[Task description] Write out every record below exactly as it stands, leaving the pictures out.

- Opening Delimiter -

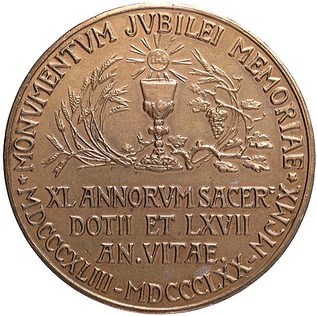 POLSKA, Franciszek Dembski- medal autorstwa Jana Raszki z okazji 40- lecia święceń kapłańskich 1910 r., Aw: Popier- sie w lewo i napis, u dołu sygn., Rw: Monstrancja otoczona kłosami i winoroślą, napisy i daty w otoku, poziomo XL ANNORVM SACERDOTII ET LXVII AN VITAE, Strzałk.180, brąz, 40 mm
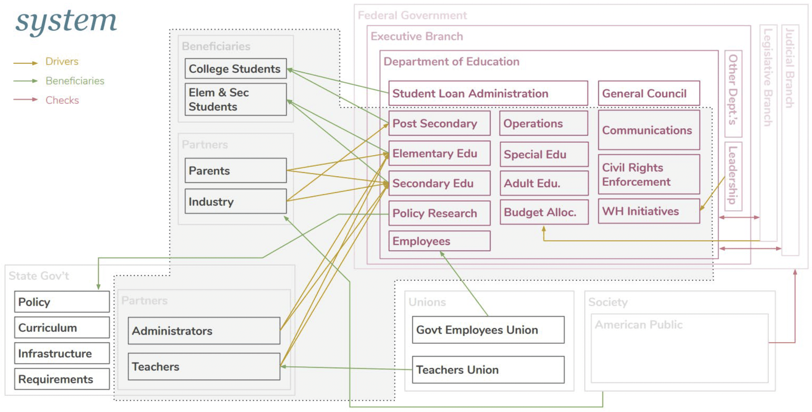 While normally I would be an advocate for early-stage user-research, this particular project was aiming to design a system for a massive range of people (every public elementary and secondary student in America), and a better understanding of the enterprise was necessary to frame stakeholders in categories that could be designed for within that system. To do this:
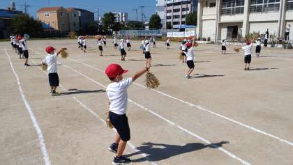 1年生の子どもたちが、とても一生懸命に運動会の練習に取り組んでいます。リズムに合わせて体をいっぱいに使って演技しています。入退場も全力です。
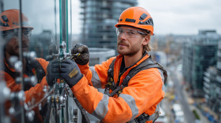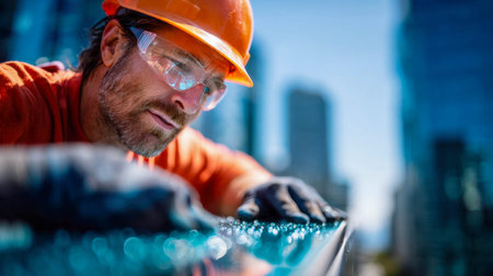 Focused construction worker in safety helmet and goggles working on a skyscraper exterior under bright sunlight.
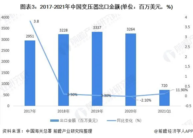 由于我國變壓器產(chǎn)量高,產(chǎn)能過剩,行業(yè)發(fā)展較好。2017-2020年,我國變壓器出口金額基本維持平穩(wěn)增長態(tài)勢。2021年第一季度,隨著全球新冠疫情影響的減弱,出口金額同比增長11.9%。同時,2021年我國出臺《變壓器能效提升計劃(2021-2023年)》,預(yù)計變壓器產(chǎn)能將進一步提升,出口金額預(yù)計將隨之增長,出口比例將進一步提升。
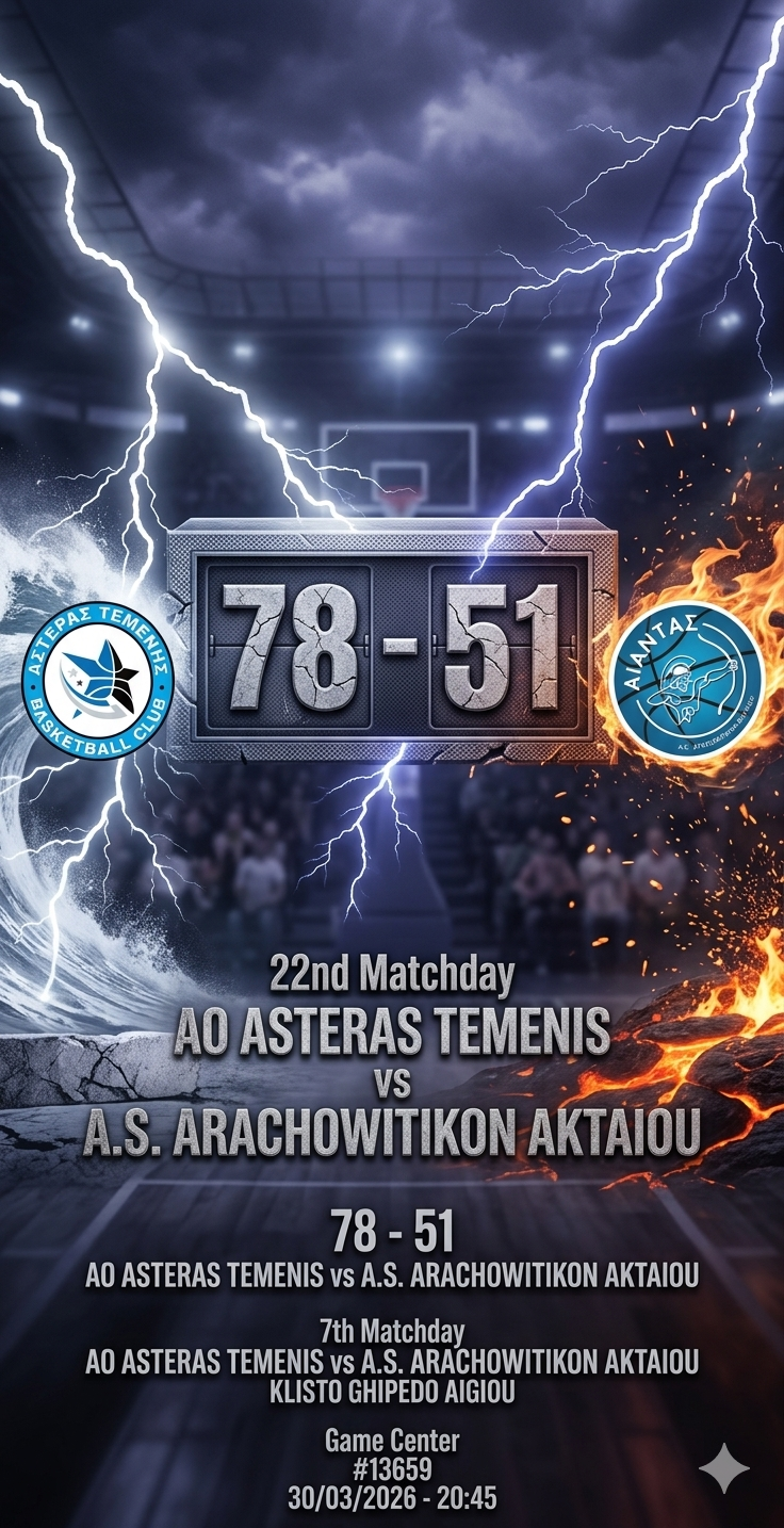 Το «Κλειδί» της Ήττας: Ο Αίαντας «προδόθηκε» από την τραγική του ημέρα στην επίθεση. Σημειώνοντας μόλις 32 πόντους σε τρία δεκάλεπτα (10, 13, 9), ήταν αδύνατον να κοιτάξει στα μάτια μια ομάδα όπως ο Αστέρας Τεμένης, που παίζει στην έδρα της. Οι γηπεδούχοι, με όπλο την πιεστική τους άμυνα, «βραχυκύκλωσαν» τα ατού μας και έβγαλαν εύκολα καλάθια στο τρανζίσιον.

- Closing Delimiter -

[Expected answer]
 POLSKA, Franciszek Dembski- medal autorstwa Jana Raszki z okazji 40- lecia święceń kapłańskich 1910 r., Aw: Popier- sie w lewo i napis, u dołu sygn., Rw: Monstrancja otoczona kłosami i winoroślą, napisy i daty w otoku, poziomo XL ANNORVM SACERDOTII ET LXVII AN VITAE, Strzałk.180, brąz, 40 mm
 While normally I would be an advocate for early-stage user-research, this particular project was aiming to design a system for a massive range of people (every public elementary and secondary student in America), and a better understanding of the enterprise was necessary to frame stakeholders in categories that could be designed for within that system. To do this:
 1年生の子どもたちが、とても一生懸命に運動会の練習に取り組んでいます。リズムに合わせて体をいっぱいに使って演技しています。入退場も全力です。
 Focused construction worker in safety helmet and goggles working on a skyscraper exterior under bright sunlight.
 由于我國變壓器產(chǎn)量高,產(chǎn)能過剩,行業(yè)發(fā)展較好。2017-2020年,我國變壓器出口金額基本維持平穩(wěn)增長態(tài)勢。2021年第一季度,隨著全球新冠疫情影響的減弱,出口金額同比增長11.9%。同時,2021年我國出臺《變壓器能效提升計劃(2021-2023年)》,預(yù)計變壓器產(chǎn)能將進一步提升,出口金額預(yù)計將隨之增長,出口比例將進一步提升。
 Το «Κλειδί» της Ήττας: Ο Αίαντας «προδόθηκε» από την τραγική του ημέρα στην επίθεση. Σημειώνοντας μόλις 32 πόντους σε τρία δεκάλεπτα (10, 13, 9), ήταν αδύνατον να κοιτάξει στα μάτια μια ομάδα όπως ο Αστέρας Τεμένης, που παίζει στην έδρα της. Οι γηπεδούχοι, με όπλο την πιεστική τους άμυνα, «βραχυκύκλωσαν» τα ατού μας και έβγαλαν εύκολα καλάθια στο τρανζίσιον.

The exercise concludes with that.